*HOW TO COMPLETE THIS TASK*
Your copy should hold every record exactly and no images.

Stored items from a collection:
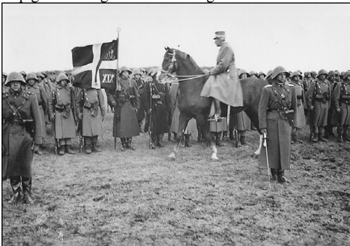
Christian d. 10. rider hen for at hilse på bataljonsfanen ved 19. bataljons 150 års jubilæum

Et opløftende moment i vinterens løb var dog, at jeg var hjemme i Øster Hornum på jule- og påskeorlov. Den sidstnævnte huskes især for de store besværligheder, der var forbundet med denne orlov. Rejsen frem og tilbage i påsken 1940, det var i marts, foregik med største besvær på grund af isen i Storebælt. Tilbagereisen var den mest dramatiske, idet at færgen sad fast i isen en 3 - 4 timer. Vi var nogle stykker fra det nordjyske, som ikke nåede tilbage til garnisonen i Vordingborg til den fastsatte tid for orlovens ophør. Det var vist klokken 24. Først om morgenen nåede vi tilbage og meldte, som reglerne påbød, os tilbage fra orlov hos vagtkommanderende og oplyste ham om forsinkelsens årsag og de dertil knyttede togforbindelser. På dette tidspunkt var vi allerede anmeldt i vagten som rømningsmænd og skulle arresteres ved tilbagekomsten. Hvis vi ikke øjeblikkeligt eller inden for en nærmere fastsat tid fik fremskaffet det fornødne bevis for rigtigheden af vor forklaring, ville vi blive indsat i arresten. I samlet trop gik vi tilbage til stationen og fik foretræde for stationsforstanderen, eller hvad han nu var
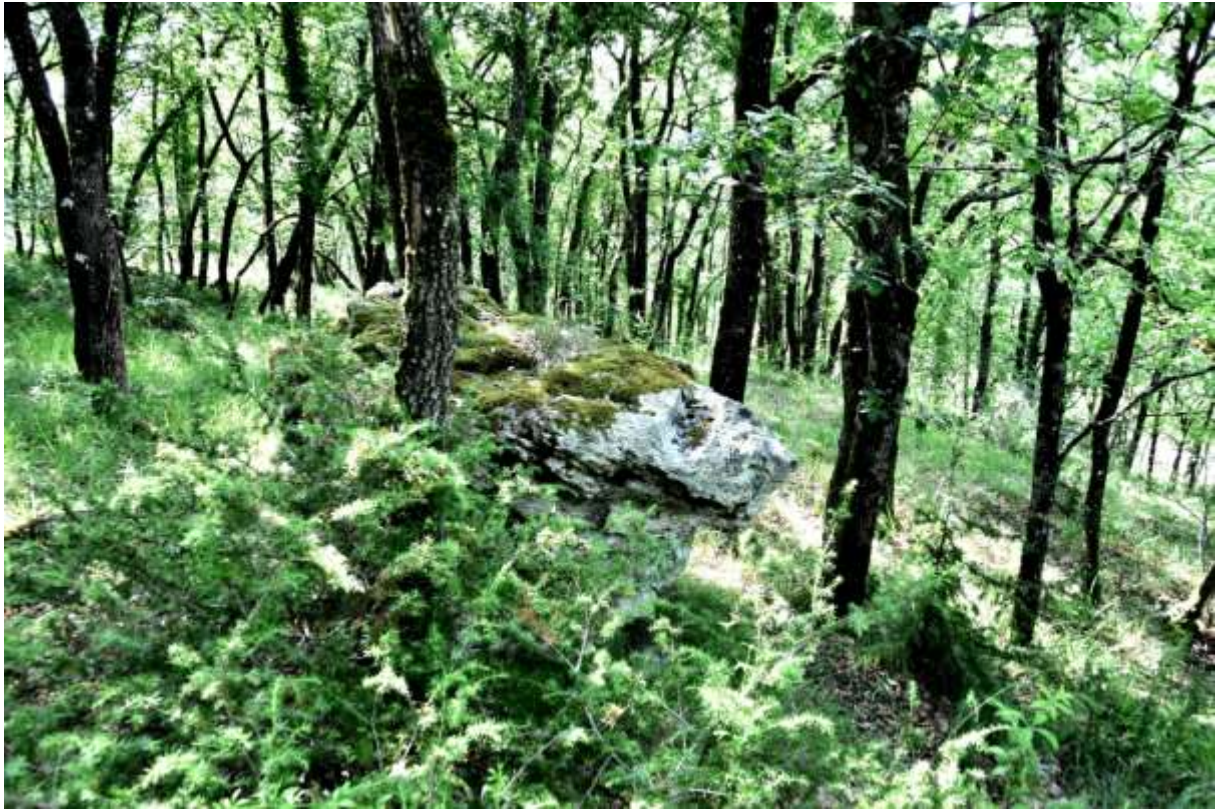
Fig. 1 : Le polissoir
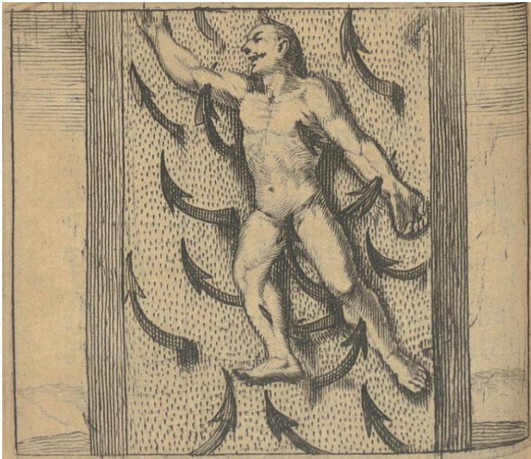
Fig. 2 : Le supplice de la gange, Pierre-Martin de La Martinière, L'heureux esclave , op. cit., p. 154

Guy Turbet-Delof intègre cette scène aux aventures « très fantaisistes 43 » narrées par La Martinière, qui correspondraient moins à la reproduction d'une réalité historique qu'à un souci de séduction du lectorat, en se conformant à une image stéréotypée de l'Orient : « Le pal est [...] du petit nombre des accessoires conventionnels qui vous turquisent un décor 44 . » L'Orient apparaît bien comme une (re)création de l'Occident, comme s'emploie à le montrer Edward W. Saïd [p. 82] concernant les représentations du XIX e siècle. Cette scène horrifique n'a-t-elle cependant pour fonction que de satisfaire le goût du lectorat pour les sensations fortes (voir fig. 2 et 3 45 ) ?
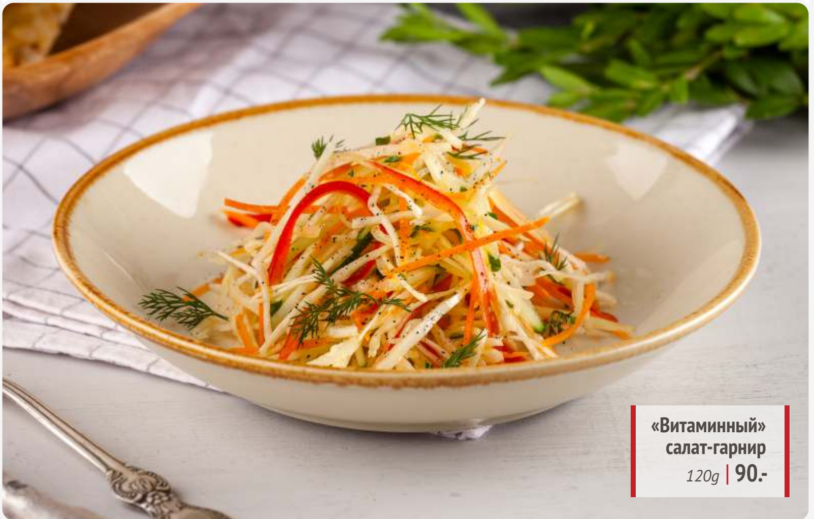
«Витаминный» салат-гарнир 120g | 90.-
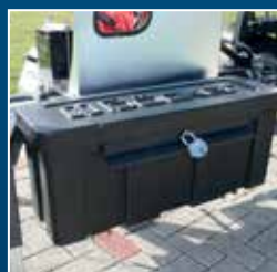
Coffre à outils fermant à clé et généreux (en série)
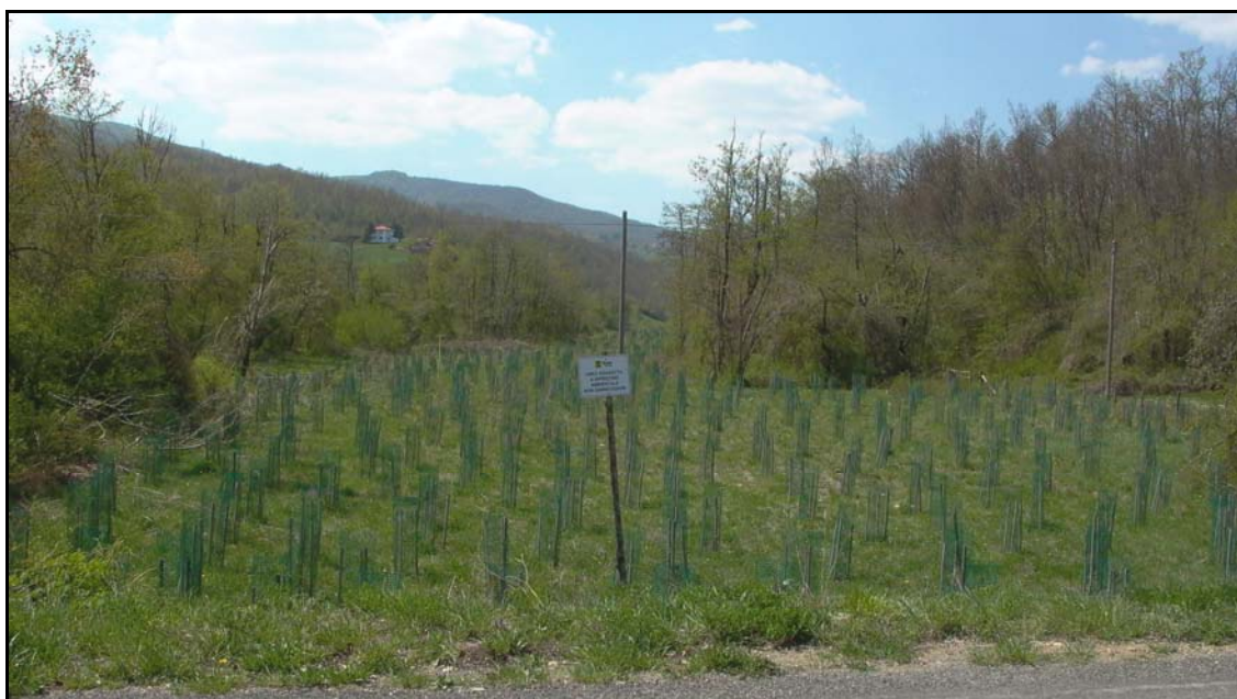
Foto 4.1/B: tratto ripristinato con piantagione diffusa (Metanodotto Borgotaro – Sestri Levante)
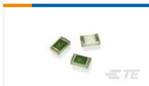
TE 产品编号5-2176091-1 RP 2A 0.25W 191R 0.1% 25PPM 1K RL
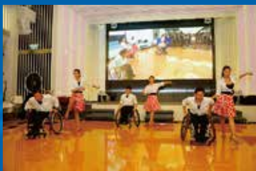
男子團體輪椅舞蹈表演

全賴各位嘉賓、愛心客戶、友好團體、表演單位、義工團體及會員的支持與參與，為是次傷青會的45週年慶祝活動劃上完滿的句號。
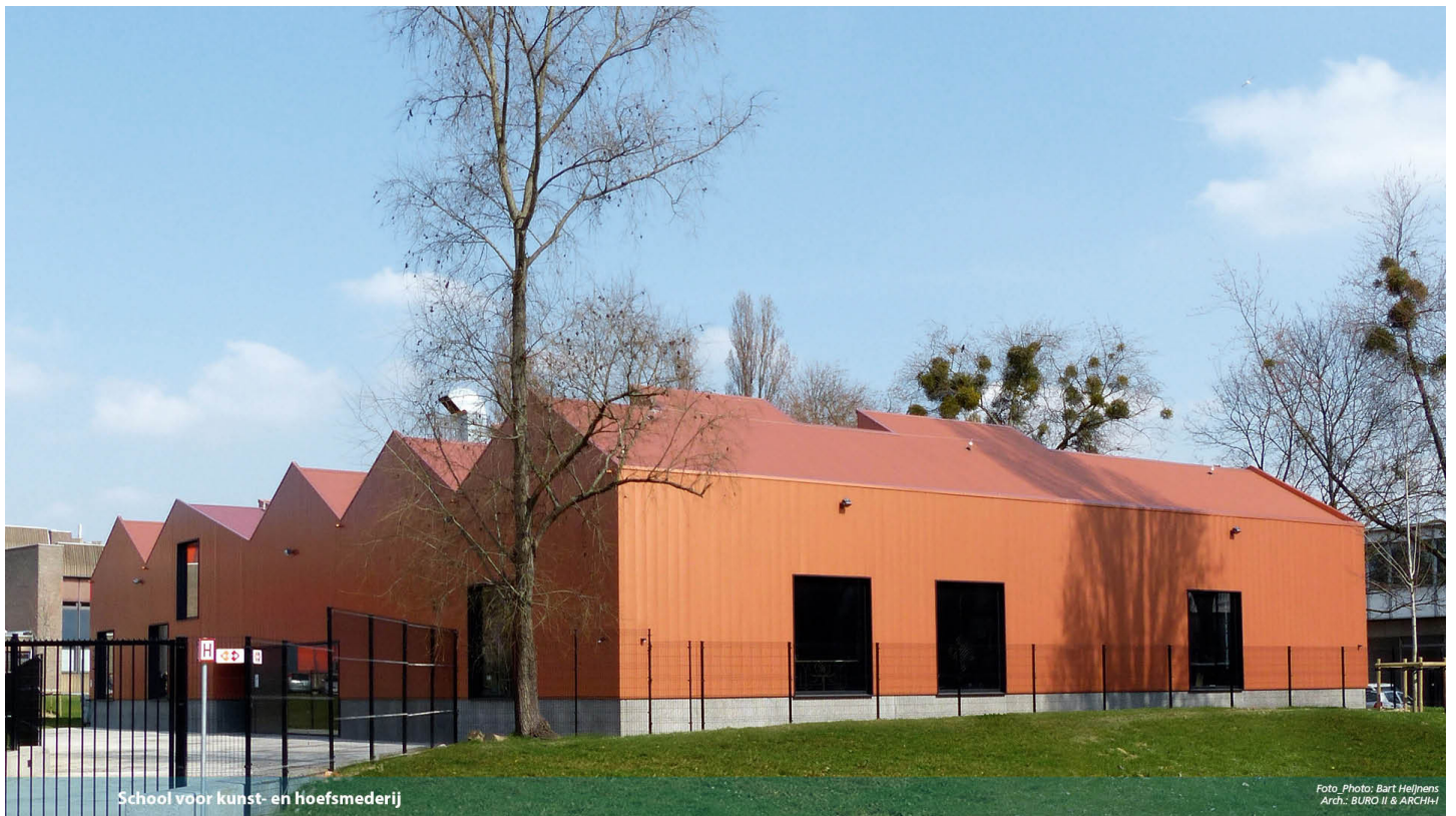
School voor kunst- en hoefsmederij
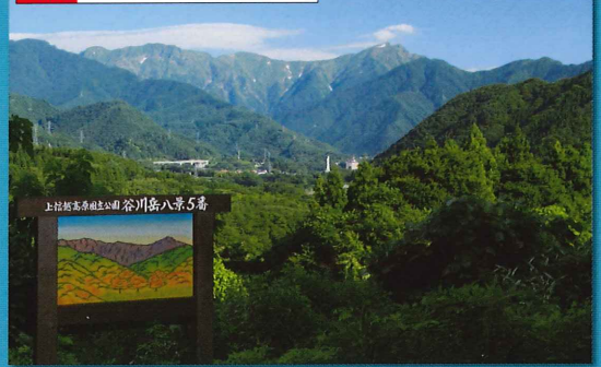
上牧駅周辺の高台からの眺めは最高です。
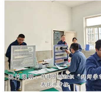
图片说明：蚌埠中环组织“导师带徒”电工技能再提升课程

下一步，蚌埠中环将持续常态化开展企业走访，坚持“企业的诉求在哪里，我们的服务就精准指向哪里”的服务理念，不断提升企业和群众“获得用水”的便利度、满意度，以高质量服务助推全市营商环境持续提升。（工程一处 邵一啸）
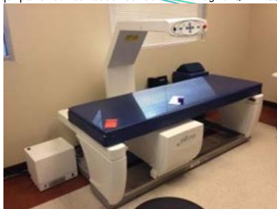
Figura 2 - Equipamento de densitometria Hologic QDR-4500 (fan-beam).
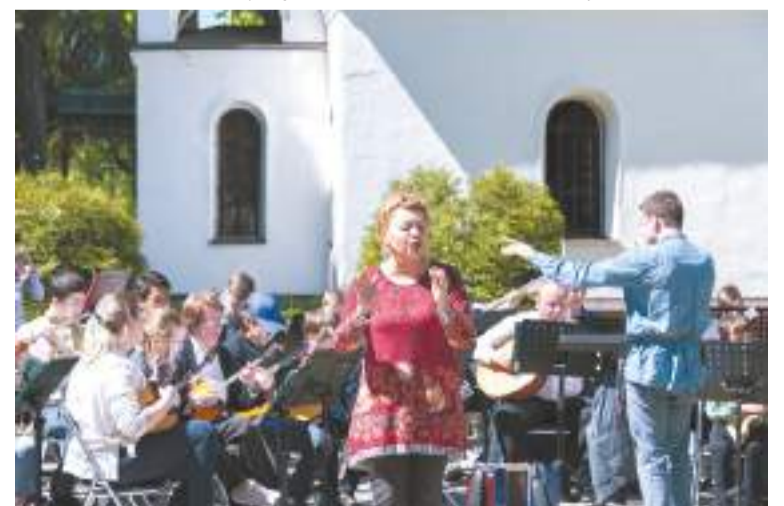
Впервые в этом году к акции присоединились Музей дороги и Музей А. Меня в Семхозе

*ANSWER TO THIS EXERCISE*
Christian d. 10. rider hen for at hilse på bataljonsfanen ved 19. bataljons 150 års jubilæum

Et opløftende moment i vinterens løb var dog, at jeg var hjemme i Øster Hornum på jule- og påskeorlov. Den sidstnævnte huskes især for de store besværligheder, der var forbundet med denne orlov. Rejsen frem og tilbage i påsken 1940, det var i marts, foregik med største besvær på grund af isen i Storebælt. Tilbagereisen var den mest dramatiske, idet at færgen sad fast i isen en 3 - 4 timer. Vi var nogle stykker fra det nordjyske, som ikke nåede tilbage til garnisonen i Vordingborg til den fastsatte tid for orlovens ophør. Det var vist klokken 24. Først om morgenen nåede vi tilbage og meldte, som reglerne påbød, os tilbage fra orlov hos vagtkommanderende og oplyste ham om forsinkelsens årsag og de dertil knyttede togforbindelser. På dette tidspunkt var vi allerede anmeldt i vagten som rømningsmænd og skulle arresteres ved tilbagekomsten. Hvis vi ikke øjeblikkeligt eller inden for en nærmere fastsat tid fik fremskaffet det fornødne bevis for rigtigheden af vor forklaring, ville vi blive indsat i arresten. I samlet trop gik vi tilbage til stationen og fik foretræde for stationsforstanderen, eller hvad han nu var
Fig. 1 : Le polissoir
Fig. 2 : Le supplice de la gange, Pierre-Martin de La Martinière, L'heureux esclave , op. cit., p. 154

Guy Turbet-Delof intègre cette scène aux aventures « très fantaisistes 43 » narrées par La Martinière, qui correspondraient moins à la reproduction d'une réalité historique qu'à un souci de séduction du lectorat, en se conformant à une image stéréotypée de l'Orient : « Le pal est [...] du petit nombre des accessoires conventionnels qui vous turquisent un décor 44 . » L'Orient apparaît bien comme une (re)création de l'Occident, comme s'emploie à le montrer Edward W. Saïd [p. 82] concernant les représentations du XIX e siècle. Cette scène horrifique n'a-t-elle cependant pour fonction que de satisfaire le goût du lectorat pour les sensations fortes (voir fig. 2 et 3 45 ) ?
«Витаминный» салат-гарнир 120g | 90.-
Coffre à outils fermant à clé et généreux (en série)
Foto 4.1/B: tratto ripristinato con piantagione diffusa (Metanodotto Borgotaro – Sestri Levante)
TE 产品编号5-2176091-1 RP 2A 0.25W 191R 0.1% 25PPM 1K RL
男子團體輪椅舞蹈表演

全賴各位嘉賓、愛心客戶、友好團體、表演單位、義工團體及會員的支持與參與，為是次傷青會的45週年慶祝活動劃上完滿的句號。
School voor kunst- en hoefsmederij
上牧駅周辺の高台からの眺めは最高です。
图片说明：蚌埠中环组织“导师带徒”电工技能再提升课程

下一步，蚌埠中环将持续常态化开展企业走访，坚持“企业的诉求在哪里，我们的服务就精准指向哪里”的服务理念，不断提升企业和群众“获得用水”的便利度、满意度，以高质量服务助推全市营商环境持续提升。（工程一处 邵一啸）
Figura 2 - Equipamento de densitometria Hologic QDR-4500 (fan-beam).
Впервые в этом году к акции присоединились Музей дороги и Музей А. Меня в Семхозе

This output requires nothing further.